В ту ночь ему снова приснился черный столб. На этот раз Гарик стоял на дне озера с безжизненным телом Зои, висящим у него на руках. Столб был перед ним. Края распахнутого дупла-пасти шевелились, вытягивались, точно жадные губы огромного рта, стремящиеся вобрать внутрь вожделенное лакомство, и протяжное «Мам-м– мон-н» наполняло пространство вокруг. Вожделенным лакомством была Зоя. Гарик почему-то был в этом уверен. Черный идол дал ему все, чего он так страстно желал, и даже больше. Дал несметное богатство. Все картины, которые столб показал ему во снах, исполнились в его жизни: просторная квартира в элитном доме в центре города, дорогой автомобиль, загородный особняк, даже кругосветное путешествие, цена которого превышала стоимость его прежней квартиры, где они ютились в тесноте вместе с матерью. С матерью, которую он погубил. Господи! А теперь он должен отдать Зою! Отдать этому черному демону из преисподней, явившемуся за причитающейся долей. Вспомнился разговор с Саней. «Не забывай, я в доле». «Вот она, его доля», – понял Гарик. И голос, говоривший с ним все это время в трубку «окуневского» телефона, был голосом демона! Ведь сказала же мать, что Саню нашли застреленным в подъезде, прямо у входной двери. «Разве ты не знал? Убили его давно».
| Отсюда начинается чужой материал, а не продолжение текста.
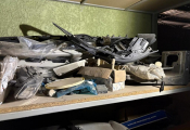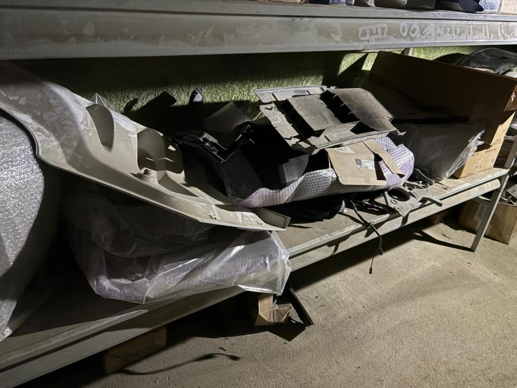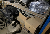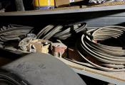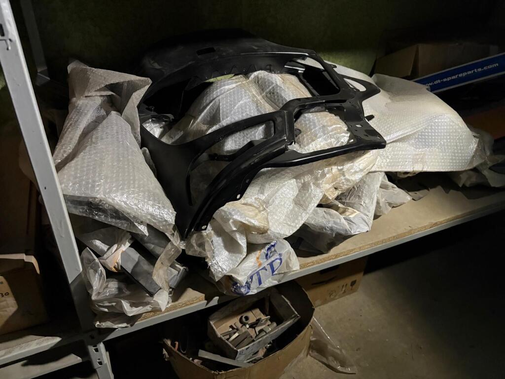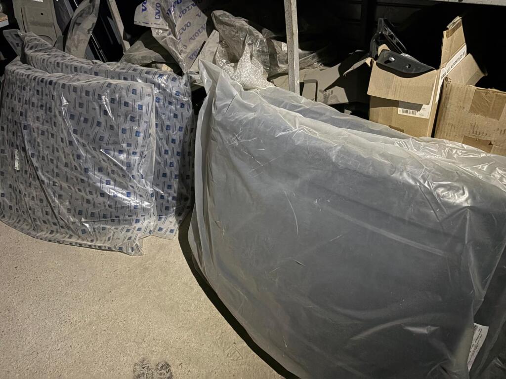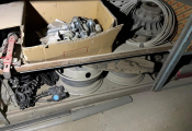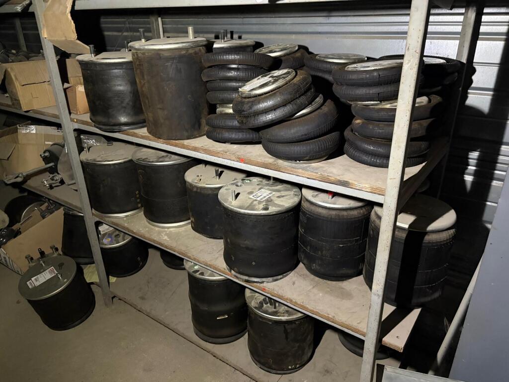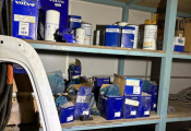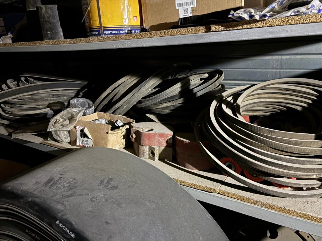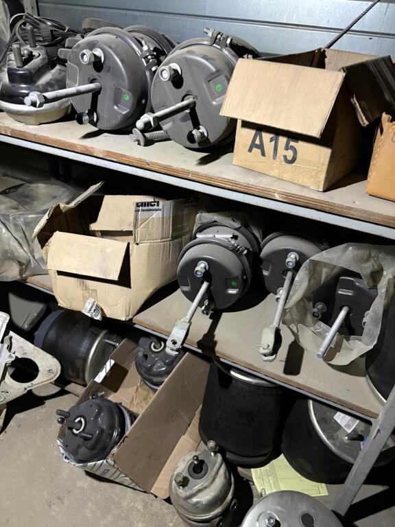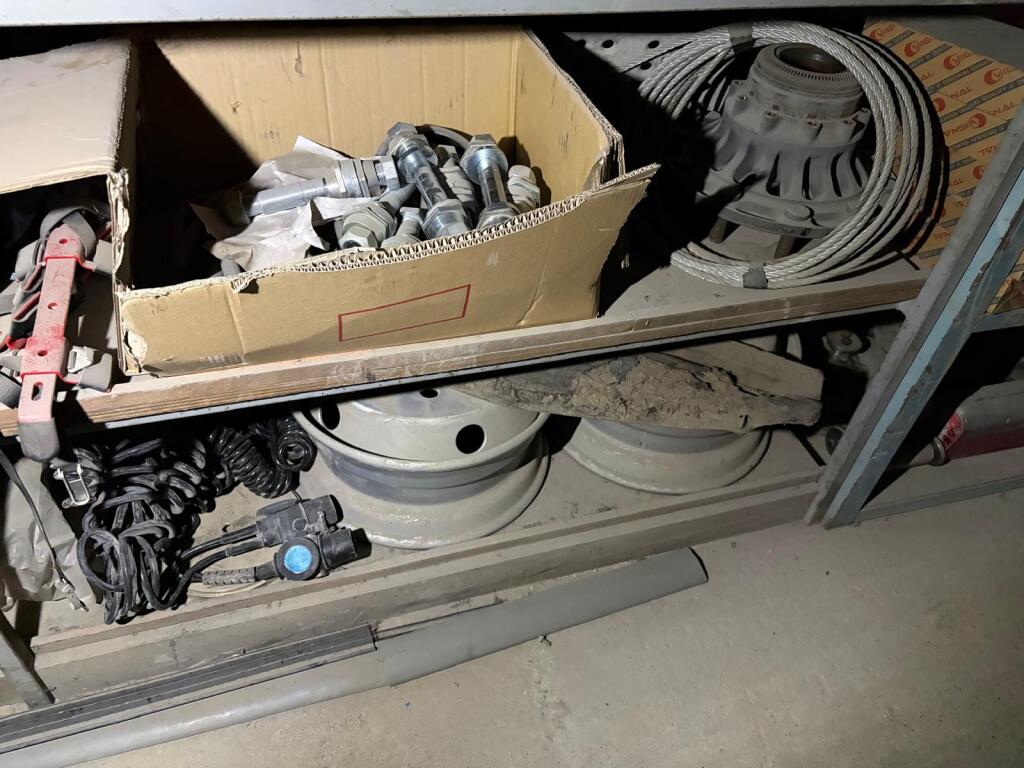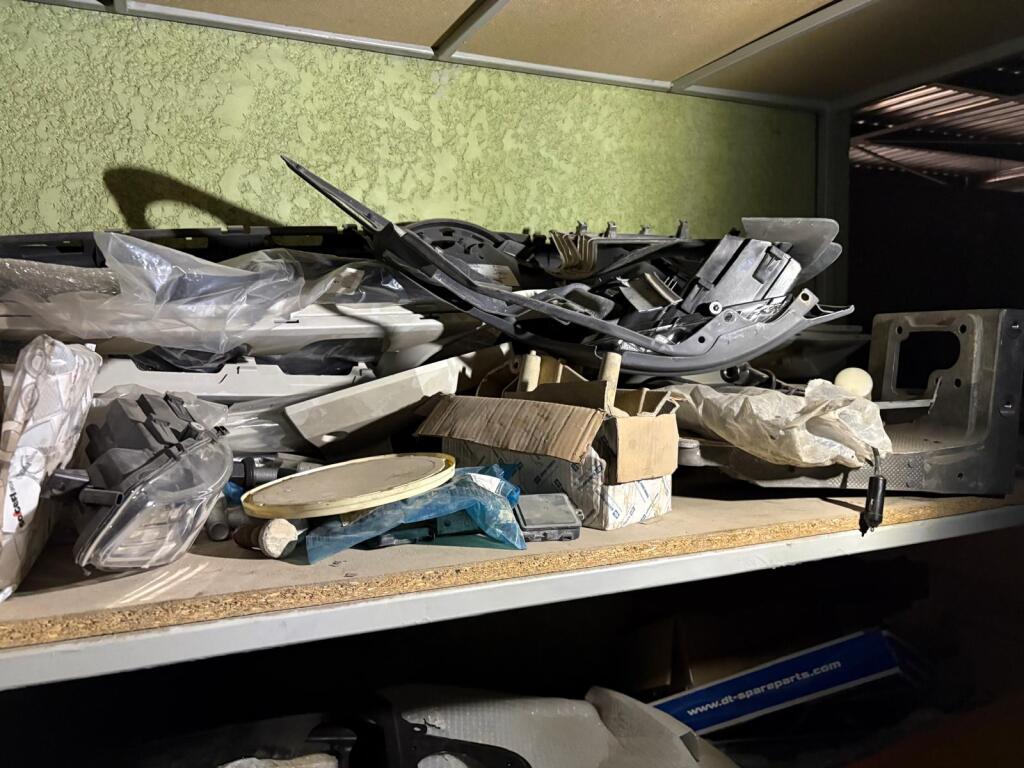 Fort lot de pièces détachées PL dont feux neufs, filtres diverses marques, disques de freins, filtres à air pour pelles, boulonnerie pour les godets, arceaux de bâches, nombreux garde boues et supports, 7 moteurs électriques neufs et autres joints de porte, courroies, glaces de rétroviseur VOLVO optiques, rétroviseurs, galets de malaxeur à béton, lot de caissons d'air, tricstop, fort lot de filtres divers à air, gasoil et hydraulique, plaquettes de freins VOLVO Mercedes, disques, pièces de carrosserie diverses, jantes, silent bloc et petit lot de filtres, plaquette et divers consommations d'entretien de VL, bobines pour soudure et divers

Гарик прижимал Зою к себе так крепко, как только мог, но этот звук – страшный, тягучий, и черный, как расплавленный битум, – тек в его уши, наполняя голову густой массой, причиняя мучительную боль, распирая его изнутри. «Голова вот-вот взорвется, – подумал Гарик. – И хорошо. Лучше умереть, чем терпеть эту пытку». Но вдруг понял: нет, мучения не исчезнут и после смерти. Он будет вечно слышать этот невыносимый звук и корчиться от боли, если только не …. Если не заплатит. Всего-то нужно положить Зою в дупло. Один шаг до столба, и пытка тут же прекратится. Зоя такая тяжелая. Он не в силах удерживать ее. Тело дочки, будто из свинца. Разве полуторагодовалые дети бывают такими тяжелыми? Невыносимо! Боль в голове, в сердце, в руках. Все прекратится, как только он вернет долг, он знает это. Идол ждет. Нужно положить Зою в дупло, и сразу полегчает… К тому же, ей все равно не помочь. Ведь она уже умерла.